The owner of a local bakery in Shusha, Azerbaijan. July 4, 2021. Large-scale construction and restoration of infrastructure facilities are underway at the territories of Nagorno-Karabakh that passed over to Azerbaijan after the 2020 conflict with Armenia. Gavriil Grigorov/TASS
Advances in technology have changed our lives significantly. They affect how we interact with each other, how we respond to each other’s actions and how we report and cope with emergencies. Information and communication technologies help us share information about violence and criminal activities. Brave journalists have put their lives in danger for the sake of giving the rest of the world a clearer picture of events in war zones.
Thirty years on, things are very different. Internet and social media mean that we are able almost instantaneously to observe world events. We see both horrors and moving stories of resilience, like what Afghans are going through to save their families from Taliban forces. We can witness nearly in real-time the bravery and compassion of those who save others from violence and give them hope for a new life. Technology can work both ways, too, not only helping us to remember key moments of warfare but also as a tool to build and sustain peace between hostile communities.

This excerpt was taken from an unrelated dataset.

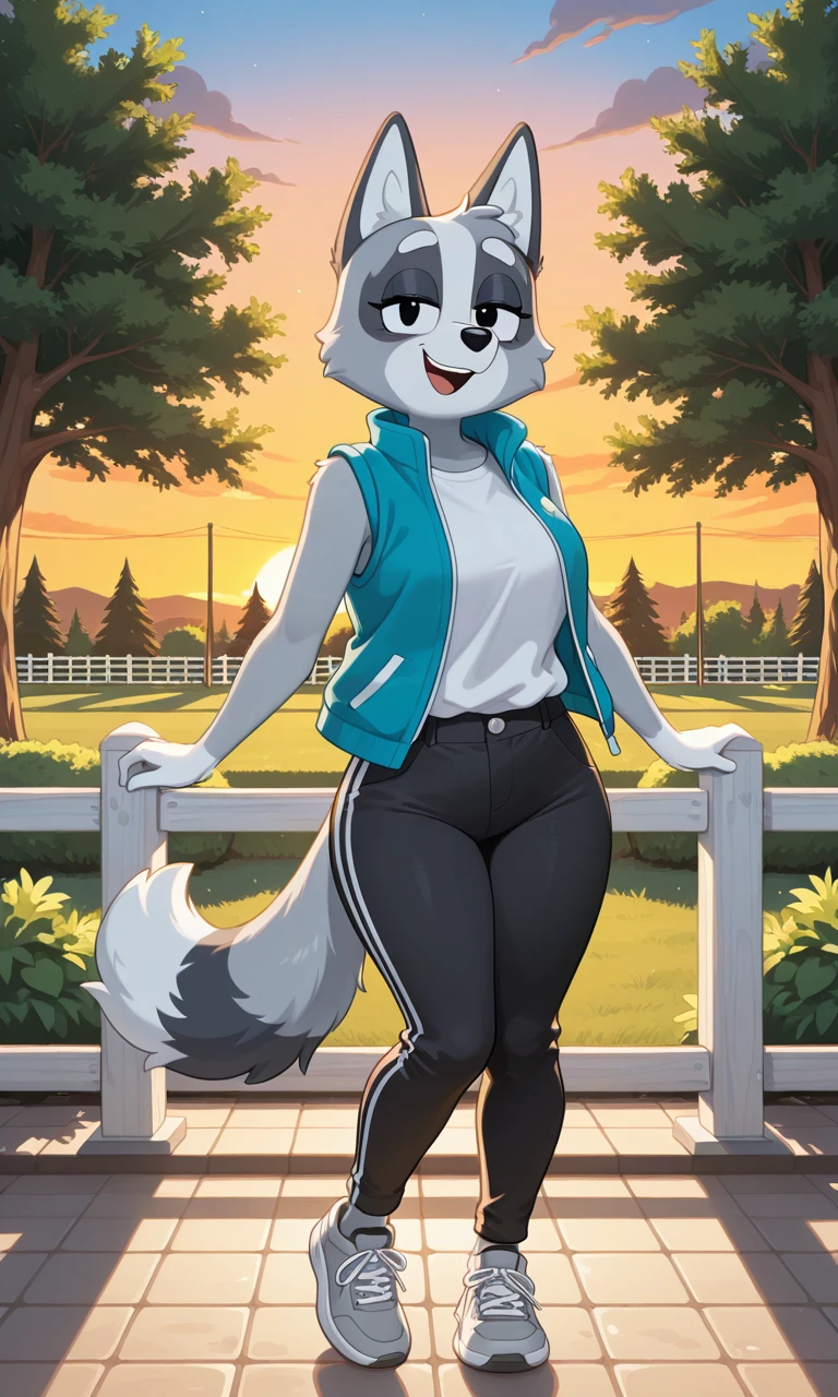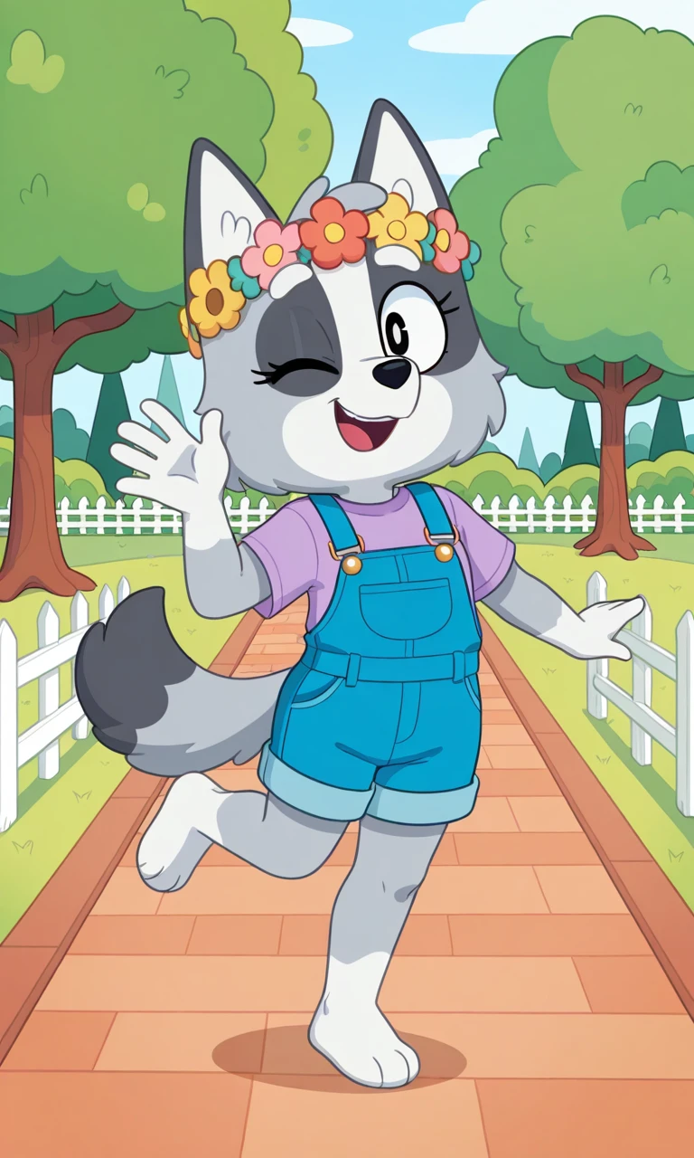 Muffin_Heeler_(Bluey series), black-gray fur, Two-tone fur, anthro dog, fluffy tail

Principles of Peacebuilding
According to a 1992 UN report, peacebuilding is “action to identify and support structures which tend to strengthen and solidify in order to avoid a relapse into conflict.” Academic research by Paul Collier and others suggests that about one-third of conflicts re-ignite within ten years of a ceasefire. The existence of peacekeeping operations and economic development are identified as two significant factors to improve this statistic and to achieve sustainable peace. In the Karabakh context, Russian peacekeeping operations along with both countries’ national forces have been able to restore approximate stability after the 2020 war. But ideally, peacekeepers should operate with a deadline, and true peace can only come when the region becomes stable without them.
To sustain long-term economic development in the area, both sides need to start engaging in trust-building efforts. Research shows that minorities tend to underinvest in public goods because they lack confidence in public institutions ruled by the majority. This complicates gaining a minority’s confidence, especially when both sides have a history of conflict, as in the case of Armenians within Azerbaijan.

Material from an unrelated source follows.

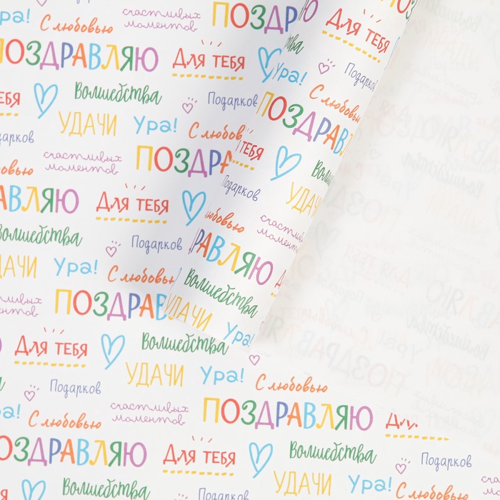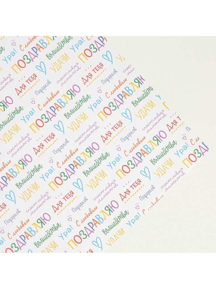 Бумага упаковочная крафтовая «Поздравляю», 70 х 100 см

Before the USSR collapsed, Azerbaijanis were a minority in Armenia, just as Armenians were, and still are, a minority in Azerbaijan. Azerbaijani authorities would like to see Armenians live in Karabakh under Azerbaijan’s rule but simultaneously demand that Armenia allow Azerbaijanis to go back to the homes in Armenia that they left during the late 80 s.
Blockchain - New Technologies of Trust
So how can new technologies help with confidence-building between such previously hostile communities where trust is almost non-existent?
Let’s look back just over a decade to the global financial crisis in 2008. At that time, the crisis led to a significant loss of trust in public institutions, exacerbated by the dissemination of disinformation, along with the abuse of information technologies. Since then, new systems have emerged to engender faith between parties without requiring the involvement of a central authority. The most important of these is blockchain. Best known as the facilitator of crypto-currencies, blockchain technology essentially replaces a need for a third party to establish mechanisms in which two entities co-operate, ensuring compliance with the rules (or codes) of an agreement. Blockchain is a distributed ledger system that records chained ‘blocks’ of transactions in an immutable and transparent way that needs to be validated by decentralized peers. These blocks are linked to each other such that changing any one block would require a change in the entire chain. As a result, the rules of transactions are often made into smart contracts without the need for human intervention.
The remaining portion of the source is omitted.